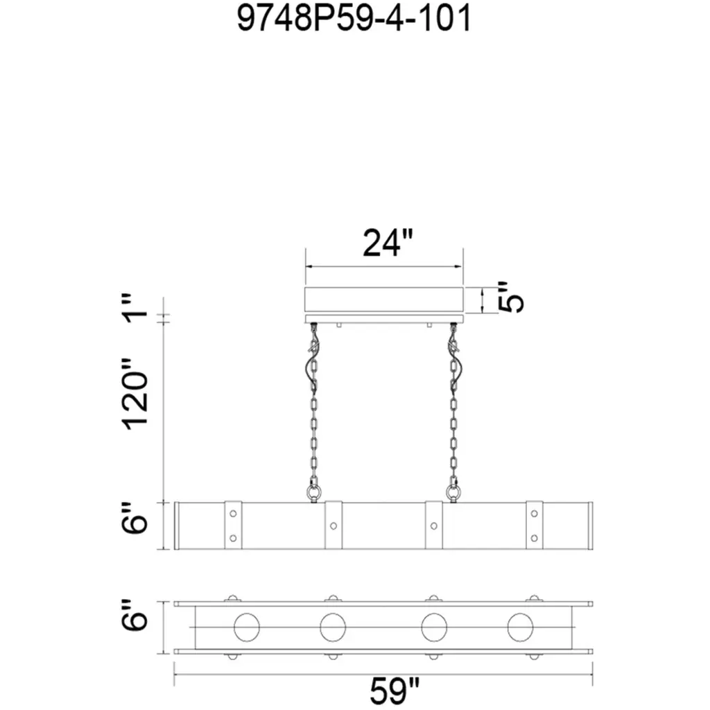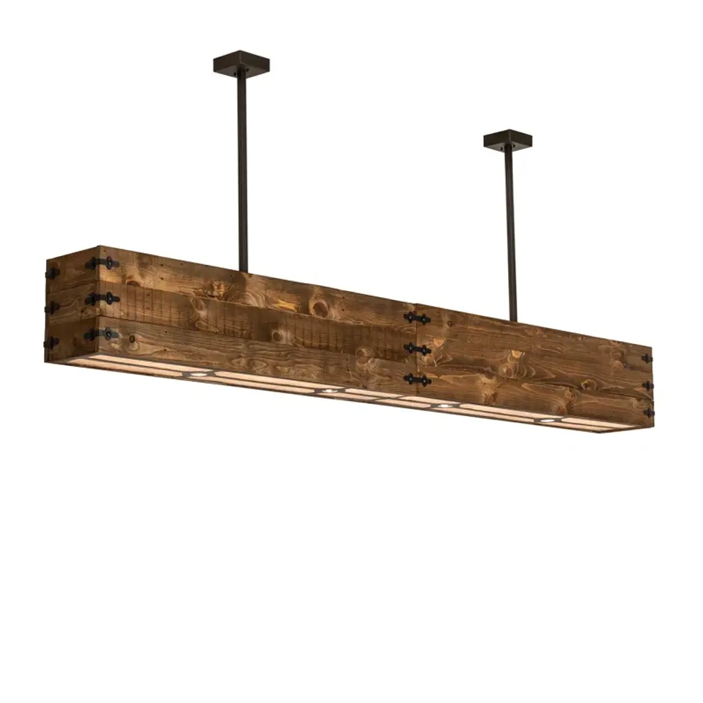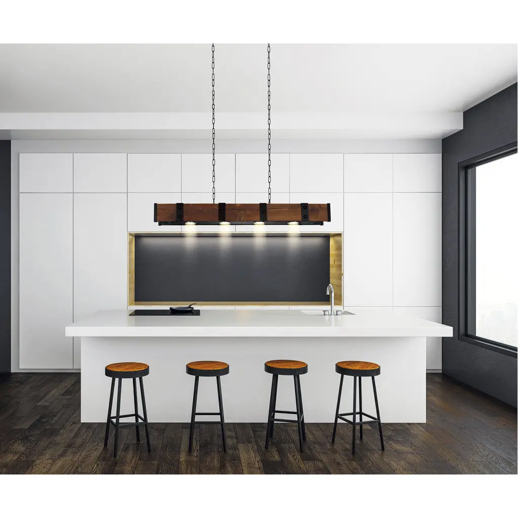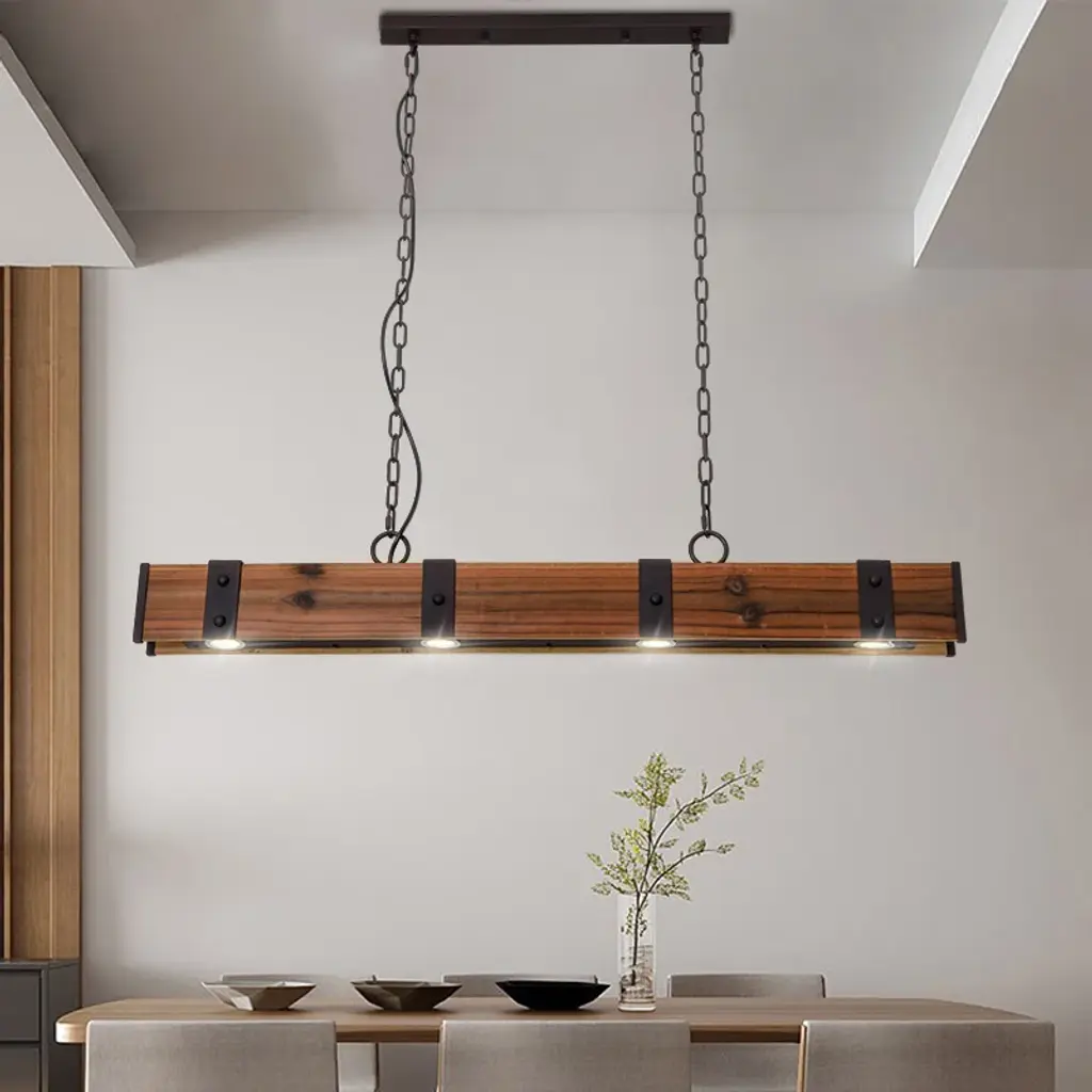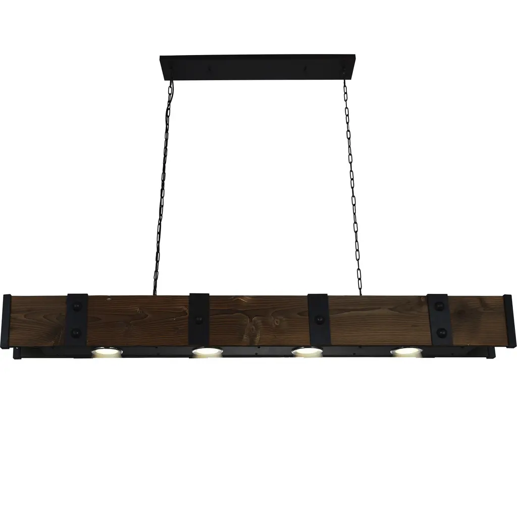 The Pago 4 Light Chandelier offers a stylish and practical alternative to an exposed wood beam ceiling. Featuring a 59-inch linear design with a wood and metal shade in black and wood grain brown, this fixture adds rustic-industrial charm to any space. Compatible with twist-and-lock LED GU10 bulbs (sold separately), its perfect for illuminating dining tables or kitchen islands. Elevate your decor with this chic, oversized lighting solution.
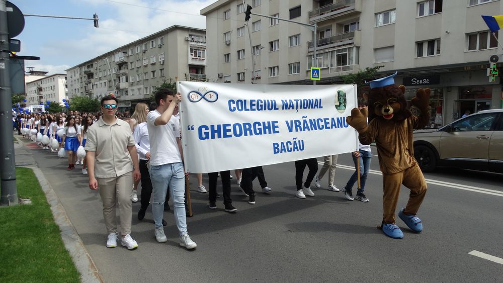 Centrul Bacăului a fost traversat de emoție, culoare și aplauze la pasul hotărât al Promoției 2025 de la Colegiul Național „Gheorghe Vrănceanu”. Cei 196 de absolvenți, împărțiți în 7 clase, au defilat în aplauzele trecătorilor, însoțiți de profesori, părinți și prieteni, marcând în mod festiv încheierea celor patru ani de liceu.
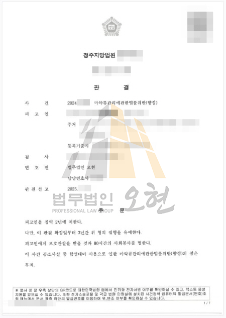 ÀÇ·ÚÀÎÀº °ú°Å ¸¶¾à·ù°ü¸®¹ý À§¹Ý ÇøÀǷΠ¡¿ª 6°³¿ù, ÁýÇàÀ¯¿¹ 1³âÀ» ¼±°í¹Þ¾Æ ÆÇ°áÀÌ È®Á¤µÈ »óÅ¿¡¼, ÇÕ¼º´ë¸¶¸¦ ¼ö¼ö ¹× ÈíÀÔÇß´Ù´Â ÇøÀÇ·Î Ãß°¡ ±â¼ÒµÈ »ç°ÇÀ̾ú½À´Ï´Ù.
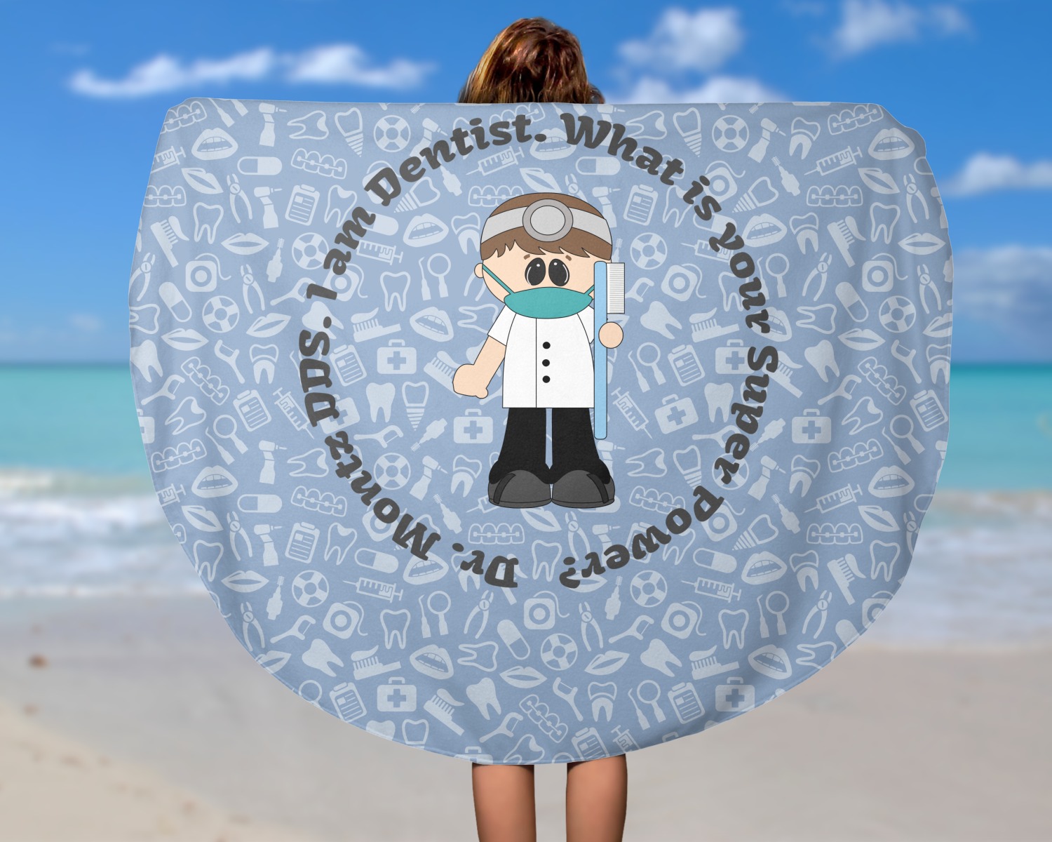 This design is a light blue with dark blue accents in its background. The design features a fun little cartoon dentist that will just make you smile. The text surrounding the little dentist will be the perfect place for a dentist pun or your name!
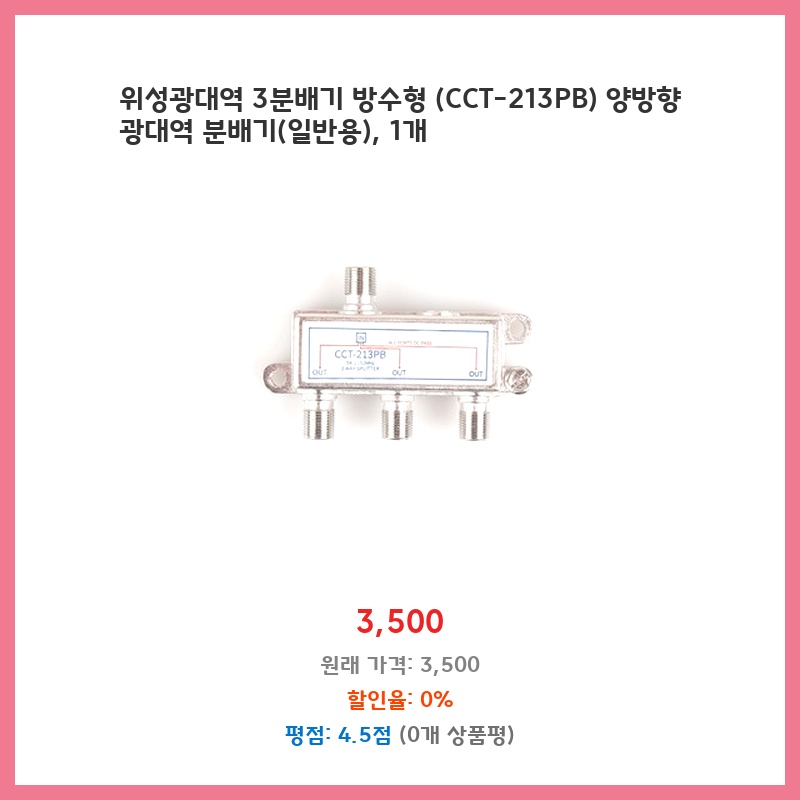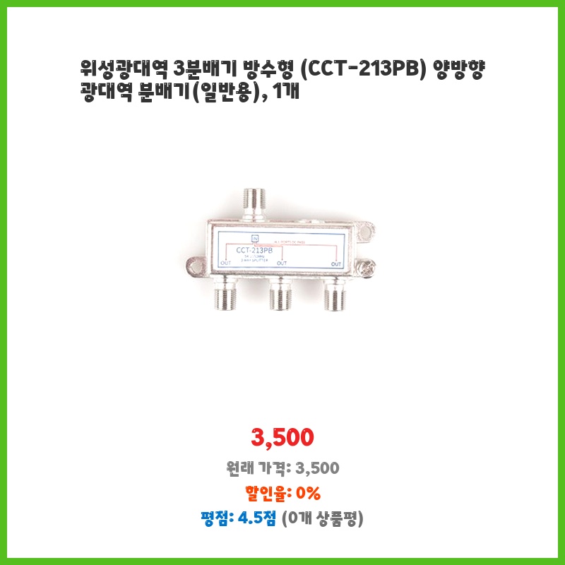 위성광대역 3분배기 방수형 (CCT-213PB) 양방향 광대역 분배기(일반용), 1개
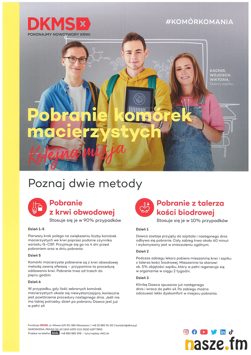 W Polsce co 40 minut ktoś dowiaduje się, że choruje na nowotwór krwi. Tę diagnozę słyszą rodzice małych dzieci, młodzi, dorośli. Na szczęście każdy może pomóc. Dla wielu chorych jedyną szansą na życie jest przeszczepienie szpiku lub komórek macierzystych od niespokrewnionego dawcy.
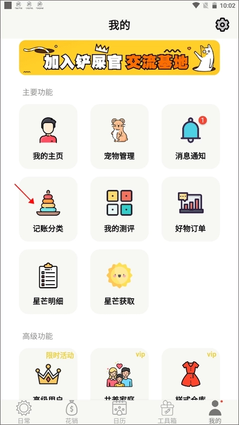 (1)如果软件里面没有你要记录的分类,可以选择【我的】-主要功能-记账分类。

---*---

- What the task asks: The required answer is an exact copy of the lines from the one containing "Centrul Bacăului a" through the last line of the material, with the pictures removed.

- Written response:
 Centrul Bacăului a fost traversat de emoție, culoare și aplauze la pasul hotărât al Promoției 2025 de la Colegiul Național „Gheorghe Vrănceanu”. Cei 196 de absolvenți, împărțiți în 7 clase, au defilat în aplauzele trecătorilor, însoțiți de profesori, părinți și prieteni, marcând în mod festiv încheierea celor patru ani de liceu.
 ÀÇ·ÚÀÎÀº °ú°Å ¸¶¾à·ù°ü¸®¹ý À§¹Ý ÇøÀǷΠ¡¿ª 6°³¿ù, ÁýÇàÀ¯¿¹ 1³âÀ» ¼±°í¹Þ¾Æ ÆÇ°áÀÌ È®Á¤µÈ »óÅ¿¡¼, ÇÕ¼º´ë¸¶¸¦ ¼ö¼ö ¹× ÈíÀÔÇß´Ù´Â ÇøÀÇ·Î Ãß°¡ ±â¼ÒµÈ »ç°ÇÀ̾ú½À´Ï´Ù.
 This design is a light blue with dark blue accents in its background. The design features a fun little cartoon dentist that will just make you smile. The text surrounding the little dentist will be the perfect place for a dentist pun or your name!
 위성광대역 3분배기 방수형 (CCT-213PB) 양방향 광대역 분배기(일반용), 1개
 W Polsce co 40 minut ktoś dowiaduje się, że choruje na nowotwór krwi. Tę diagnozę słyszą rodzice małych dzieci, młodzi, dorośli. Na szczęście każdy może pomóc. Dla wielu chorych jedyną szansą na życie jest przeszczepienie szpiku lub komórek macierzystych od niespokrewnionego dawcy.
 (1)如果软件里面没有你要记录的分类,可以选择【我的】-主要功能-记账分类。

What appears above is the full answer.